Within the entries below, the lines from the one with "Um utilitário VW" through the one with "11월 수익과 합계를 해보면 총 10,973,350원 수익이 발생했다." are to be set down exactly, both ends kept.

:: Extracted data

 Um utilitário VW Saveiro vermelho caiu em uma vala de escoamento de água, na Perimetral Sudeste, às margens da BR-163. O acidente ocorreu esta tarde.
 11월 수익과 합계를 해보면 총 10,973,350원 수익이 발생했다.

::::
:: Extracted data

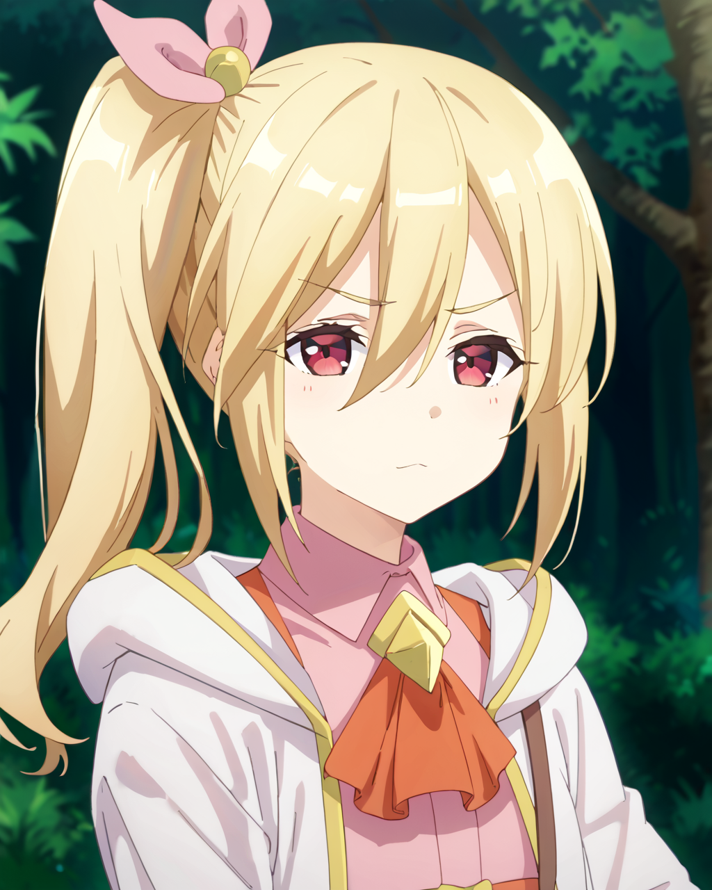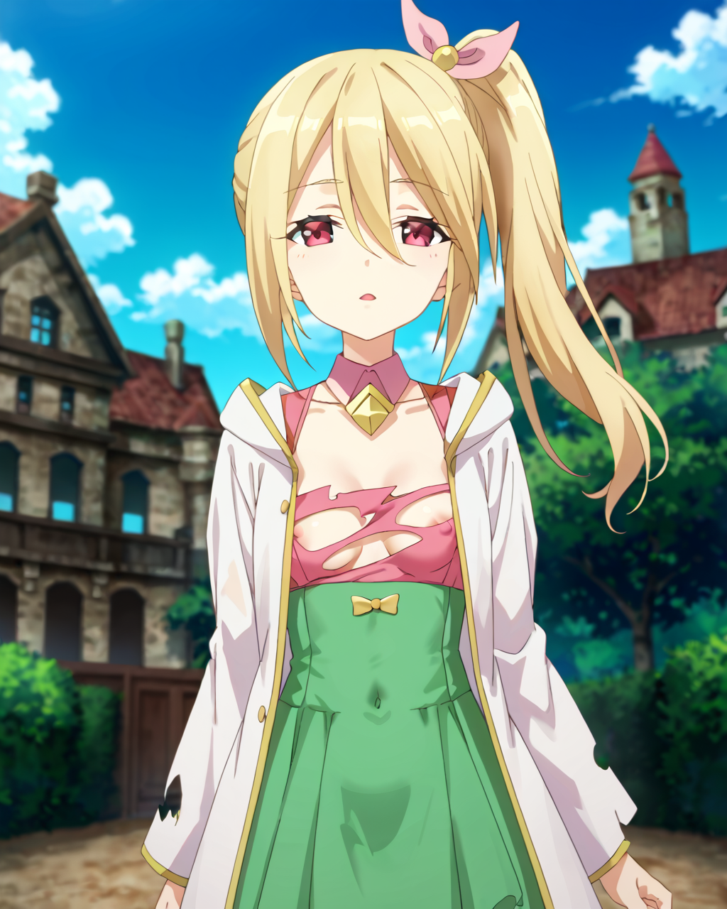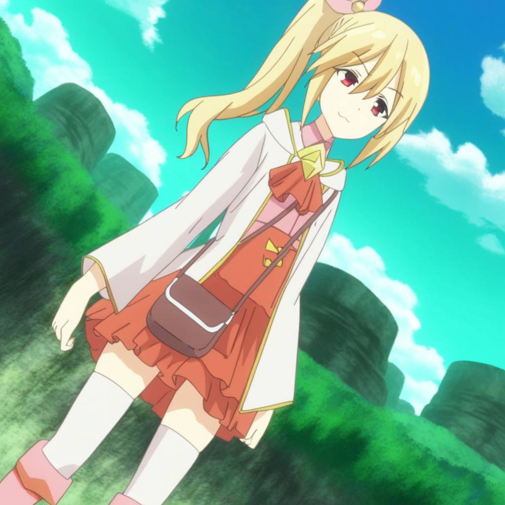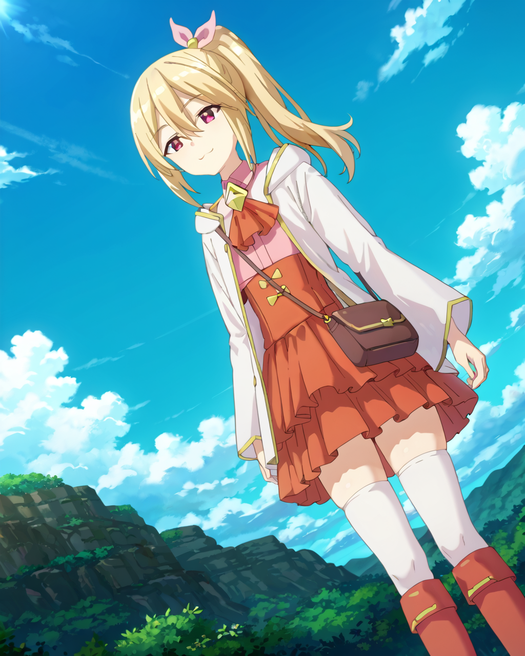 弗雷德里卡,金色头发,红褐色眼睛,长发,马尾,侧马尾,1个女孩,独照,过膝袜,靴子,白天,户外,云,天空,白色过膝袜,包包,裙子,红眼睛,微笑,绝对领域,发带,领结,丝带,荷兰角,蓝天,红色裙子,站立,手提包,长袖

::::

- _Written response_:
 Um utilitário VW Saveiro vermelho caiu em uma vala de escoamento de água, na Perimetral Sudeste, às margens da BR-163. O acidente ocorreu esta tarde.
 11월 수익과 합계를 해보면 총 10,973,350원 수익이 발생했다.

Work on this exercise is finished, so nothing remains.